If i was told "when you reach a certain limit we will block your calls....oh and still charge you the full amount to use this service, even though you cant use it" then i would of thought twice about signing up. 

If i had problems in the past paying my bills or behind then i could understand them not wanting my bills to go any higher. I pay in full every month! And have never missed a payment. 

LOADS of problems with sky?!?!?  Cant believe that for one min smashbox!!! Sky are a delight to deal with.


----------



## DrMoriarty (1 Apr 2009)

samanthajane said:


> oh yeah that small print that nasa would find hard to translate!!!! And you dont actually sign anything with them they ramble on about a few things on the phone and you recieve "the terms of use" in the post afterwards.


These ones?


> *2.* *Using Sky Talk and our Acceptable Use Policy*
> 
> [...]
> 
> ...


----------



## samanthajane (1 Apr 2009)

The calls that made my bill high were not part of the "free" or "no charge" part of my package!!


----------



## colm (2 Apr 2009)

DrMoriarty said:


> You probably should have read the "acceptable use" policy that you must have signed up to?


Agreed!



samanthajane said:


> oh yeah that small print that nasa would find hard to translate!!!! And you dont actually sign anything with them they ramble on about a few things on the phone and you recieve "the terms of use" in the post afterwards.


You got Sky installed & didn't sign anything..
I find that hard to belive. Who signed off on the engineers work.
Also if you order Sky over the phone your verbal acceptance is recorded



> LOADS of problems with sky?!?!? Cant believe that for one min smashbox!!! Sky are a delight to deal with.


Agreed I have had Sky since digital was introduced in Ireland , I have never had a problem. Cancelling their service really is just cutting off your nose to spite your face. Whats the alternative?? UPC?? No way!!1


----------



## Smashbox (2 Apr 2009)

Quote:
LOADS of problems with sky?!?!? Cant believe that for one min smashbox!!! Sky are a delight to deal with. 

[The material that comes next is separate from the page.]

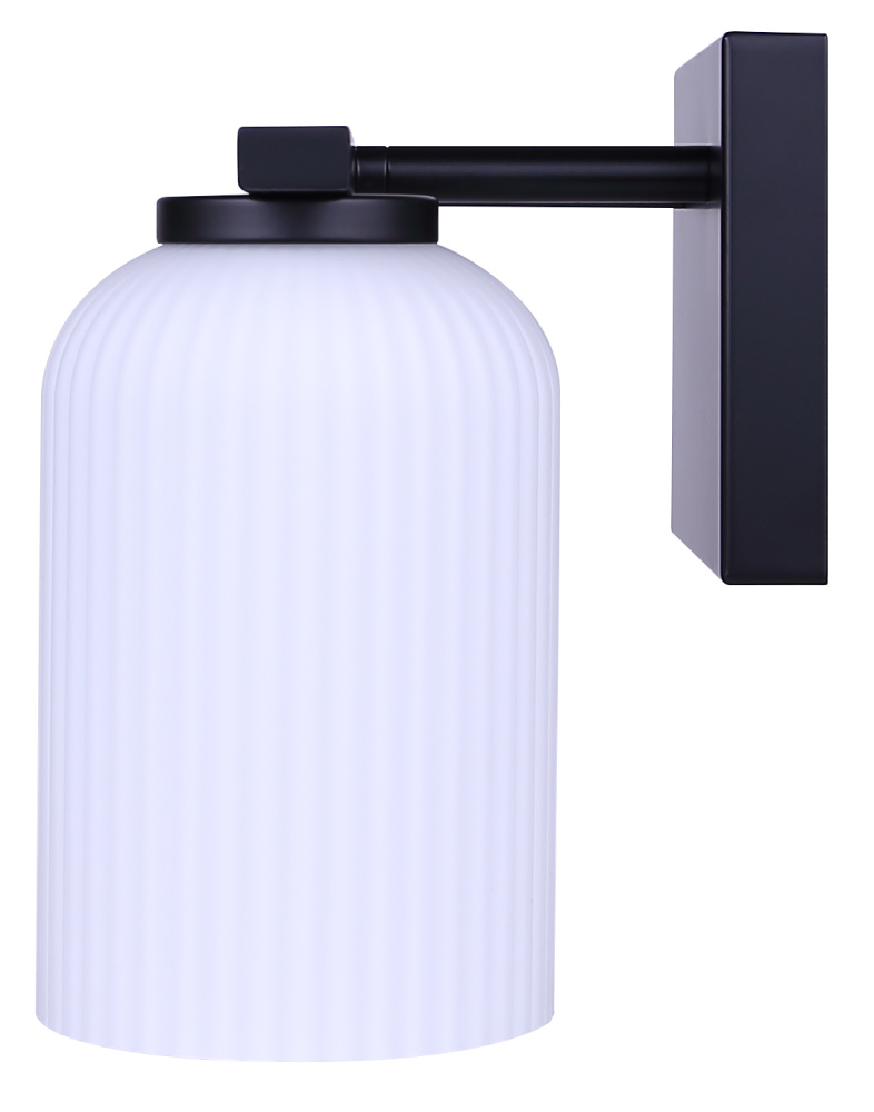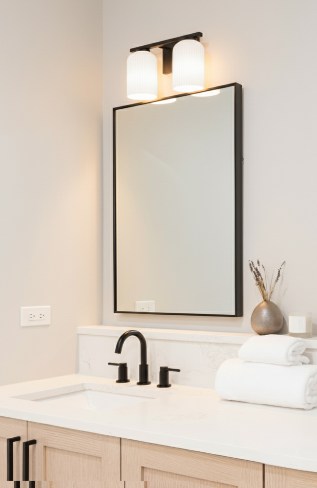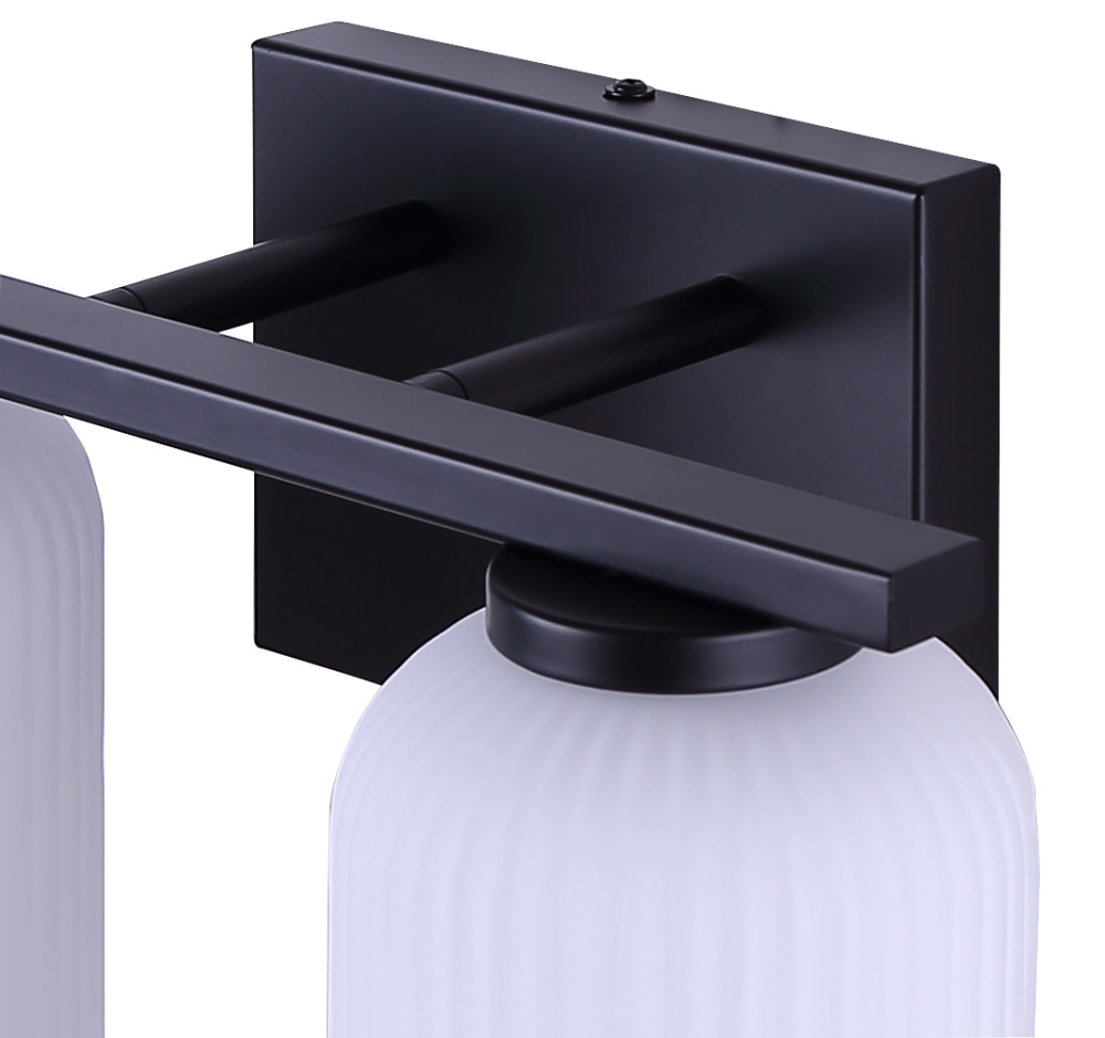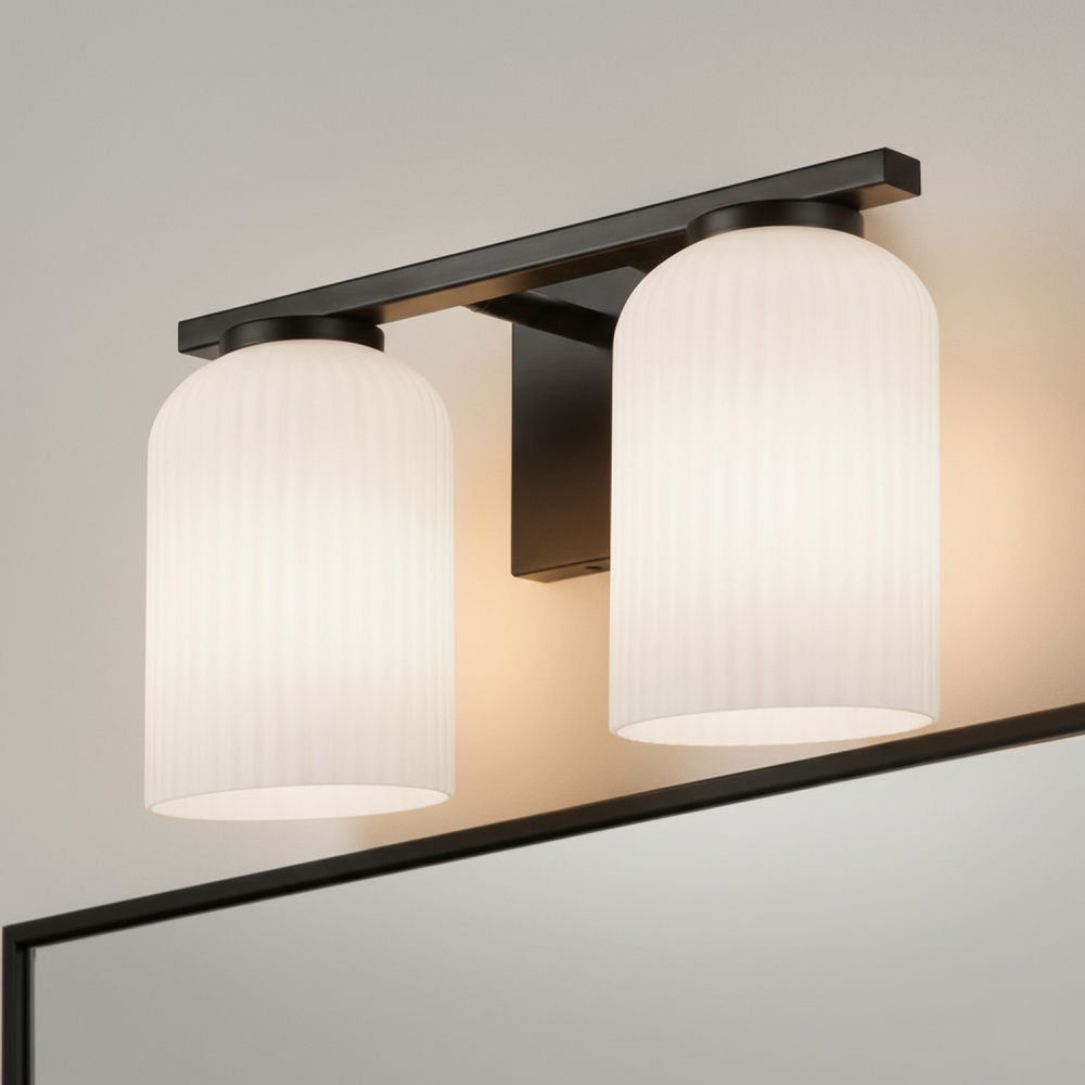 Modern Matte Black Finish: A matte black frame paired with ribbed flat opal glass shades creates a bold yet refined 2-light bathroom vanity wall fixture.

> Agreed I have had Sky since digital was introduced in Ireland , I have never had a problem


 
That part was sarcasm.


----------



## samanthajane (2 Apr 2009)

yeah verbal acceptance is not signing though is it! I didn't say i didn't agree to it. What i said it wasn't until after i had ordered it that i got the terms and conditions in the post. 

What is the point in saying you shoud of read the terms and conditions. The terms that the other person put up here is as much use as a chocolate kettle. I didn't go over what they termed as resonable use.....so what he thought that had to do with anything i dont know. This was totally different as i have said many times before!!!

I cant believe that no one else is gettig this.........

I wasn't on the phone for hours and hours taking advantage of the free calls. That has nothing to do with it. The bills had gone up to 100 ( althought i dont call that high ) through other phone calls. The sky talk is a package that i have signed up to, and i am paying for every month. They were still going to make me pay for this service although they wern't allowing me to use it. There reason for stopping the free call was because they didn't want my bill getting any higher....

1) who the hell are they to tell me what i can and cant afford on my phone bill. I have a PERFECT record for paying.

2) the free calls wouldn't even effect the value of my bill as it's free calls. 

3) why should i have to pay for a bill when it's not even due yet? You already pay a month in advance. 


Thats like them saying were not going to allow you to watch sky movies anymore but we are going going to charge you for it. Would you really carry on paying for it? No of course not you'd cancel it. So i'm not cutting off my nose to spite my face i'm choosing not to give anymore money to that company, because it's not right what they are doing. By them stopping my so called free calls i am in fact paying for them so how is that going to stop my bill getting any higher. It's a way of them getting more money from you. 

And how you didn't get the sarcasm part i've no idea!! Even my title alone gets the message across that i'm not happy with them.

And i can download everything that i want to watch,


----------



## colm (2 Apr 2009)

Whether you get the T & C before or after you have agreed to them...

Sorry smashbox for the mis understanding ( we should get some smilies on this site!)
But I have never had a problem. Can't say the same for the alternative UPC..


----------



## Smashbox (2 Apr 2009)

colm said:


> Sorry smashbox for the mis understanding ( we should get some smilies on this site!)


 
Colm.. you mean these guys...    ?! Haha

Yeah, in previous posts I have mentioned my hassles with Sky.. 4 boxes this year alone I think I'm on.


----------



## colm (2 Apr 2009)

Ahh there they are....


----------



## Kine (2 Apr 2009)

I love sky 

HD > all


----------



## Smashbox (2 Apr 2009)

I love Sky as in the program/set up. Like I love my Sky+ box. I use it all the time. But the engineers and reps on the phones are all useless. They replace a brand new box that wasnt working with a refurbished... then another refurbished... then another.


----------